Materials. Diaper covers come in three main materials - PUL, fleece, and wool. Polyurethane Laminate (PUL) is fabric that has been laminated with polyurethane to make it waterproof. Unlike the plastic pants of a generation ago, PUL is softer, somewhat breathable, and far less "plastic" feeling. They don't crinkle like plastic pants did, either! Fleece makes a great fabric for diaper covers, as well. Certain types of fleece are naturally water-repellent. Fleece is soft and breathable, allowing air to circulate to your baby's bottom. However, fleece can wick if compressed, such as in a tight-fitting onesie or in a car seat. Wool is naturally water-repellent and is also anti-microbial, which makes it ideal for diaper covers. Wool is also breathable, and the wool used for diaper covers is not hot or scratchy.


It doesn't end with diapers! Take a look at the variety of accessories available to complete your cloth diapering layette.

Cloth wipes. If you've chosen cloth for your diapers, it only makes sense to choose cloth for your wipes, as well. Cloth wipes are available in many materials and most are made to fit into standard wipe containers. As an added bonus, you can make your own wipe solution, or simply use water, so your baby isn't exposed to the harsh chemicals found in disposable wipes.

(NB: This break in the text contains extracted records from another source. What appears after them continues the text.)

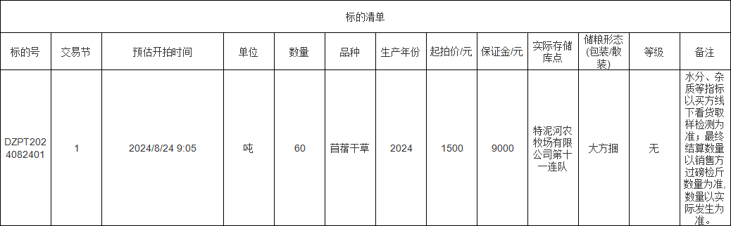 轉(zhuǎn)讓標(biāo)的為苜蓿干草60噸,標(biāo)的存放地位于特泥河農(nóng)牧場(chǎng)有限公司第十一連隊(duì),詳情見標(biāo)的清單: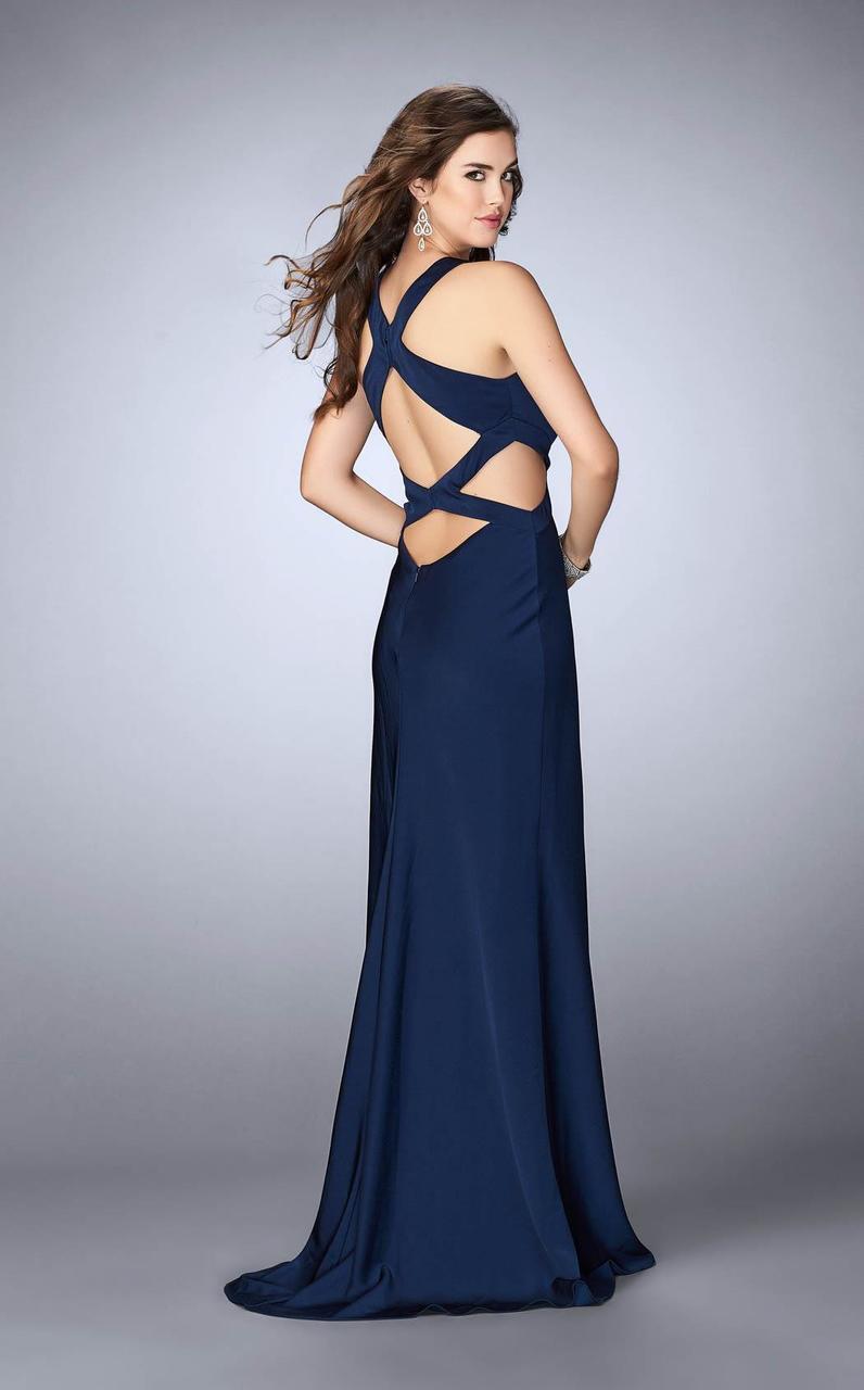 Expect to be turning heads as you walk into your special event wearing this creatively romantic gown by La Femme 24369. Graceful jersey gown with a criss cross neckline and center keyhole. The dress is finished with a front slit and dramatic open back. Back zipper closure. Turn yourself into a timeless gorgeous deity in this creation by La Femme.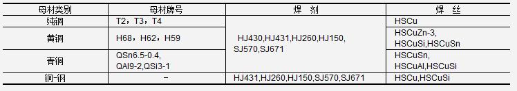 表9 常用銅及銅合金的焊劑與配用焊絲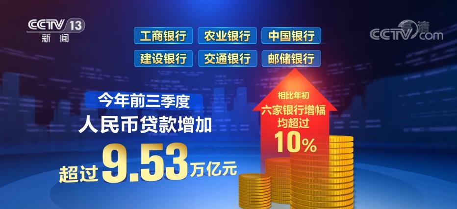 工商银行、农业银行、中国银行、建设银行、交通银行、邮储银行发布的最新公告显示,今年前三季度六大银行人民币贷款增加超过9.53万亿元,相比年初,六家银行增幅均超过10%。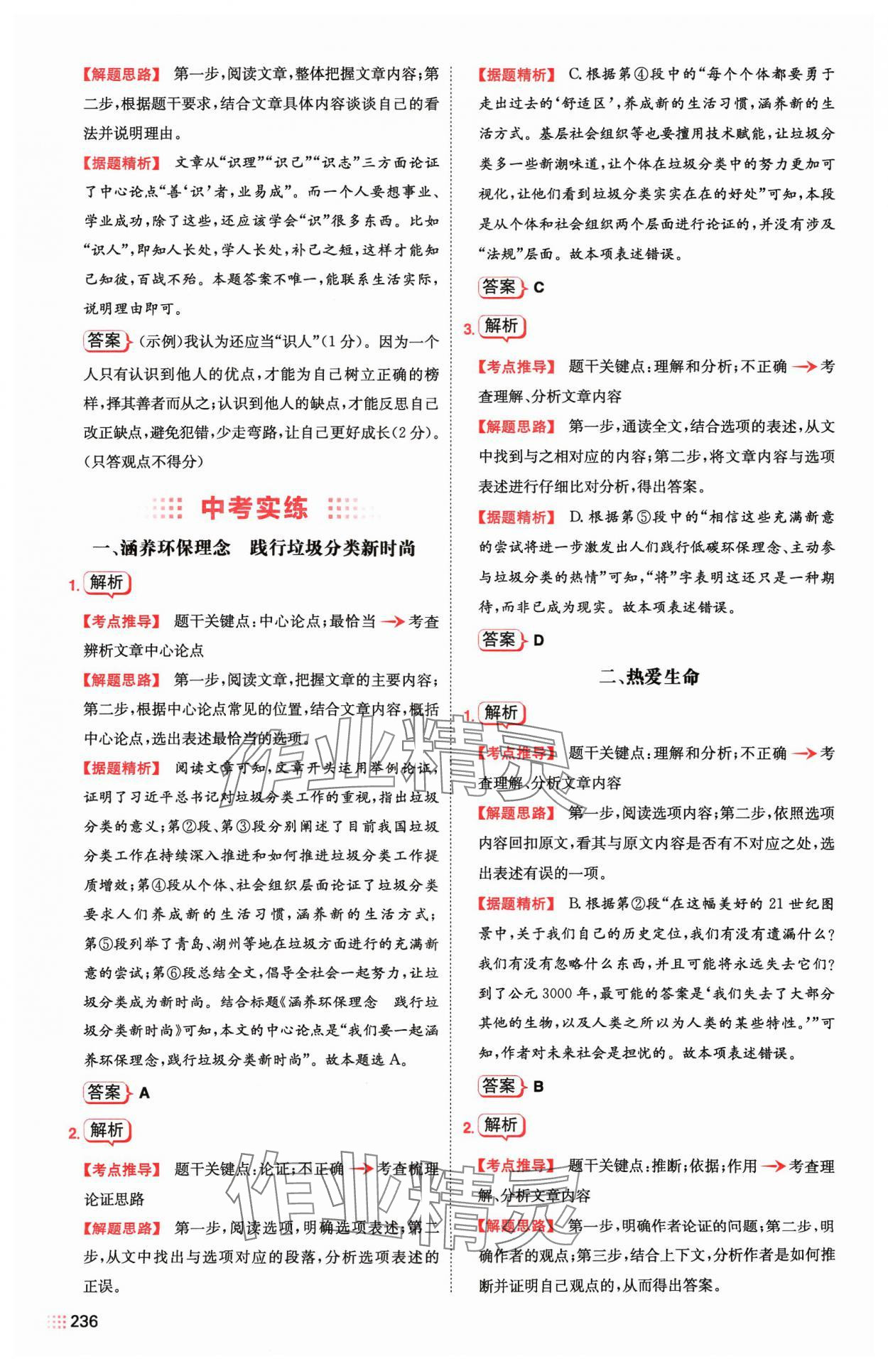 注:目前有些书本章节名称可能整理的还不是很完善,但都是按照顺序排列的,请同学们按照顺序仔细查找。练习册 2024年一本现代文阅读真题100篇中考语文 答案主要是用来给同学们做完题方便对答案用的,请勿直接抄袭。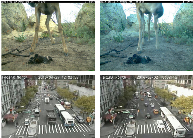 • Camera traps are remote static monitoring cameras used by biologists to study animal species occurrence, populations, and behavior. Monitoring biodiversity quantitatively can help us understand the connections between species decline and pollution, exploitation, urbanization, global warming, and policy. • Traffic cameras are static monitoring cameras used to monitor roadways and intersections in order to analyze traffic patterns and ensure city safety.

Liners. Moisture-wicking liners are a great purchase, especially for parents whose babies have sensitive skin. These liners, usually made of a special kind of fleece, are meant to be placed on top of the diaper, next to baby's skin. They wick the moisture through but stay dry on top, keeping baby's skin feeling drier.

Snappi fasteners. These diaper fasteners are the modern-day replacement for diaper pins. A snappi fastener is made of stretchy plastic shaped like a "T" with short plastic hooks on all three ends. The hooks hold the diaper in place so mommy doesn't have to worry about sticking the baby (or herself) with pins.


Cloth diapers can be purchased from a variety of places. First, though, it's important to note where you do NOT want to purchase diapers. You do not want to purchase diapers from any of the major chain stores. The diapers they sell are meant to be used as burp cloths and are not absorbent enough for use as actual diapers. Some cities have stores that sell cloth diapers - these are usually specialty stores that focus on the natural parenting market. Try looking in the yellow pages under "cloth diapers."

Usually, however, you'll be buying your diapers online. Online auction sites such as Ebay, KiddyBids, and WAHMChicks are excellent sources for both new and used diapers. Additionally, there are many online retailers of name-brand cloth diapers and hundreds of work at home mom-owned websites selling handmade diapers. Simply do an internet search for "cloth diapers" and scroll through the list that comes up.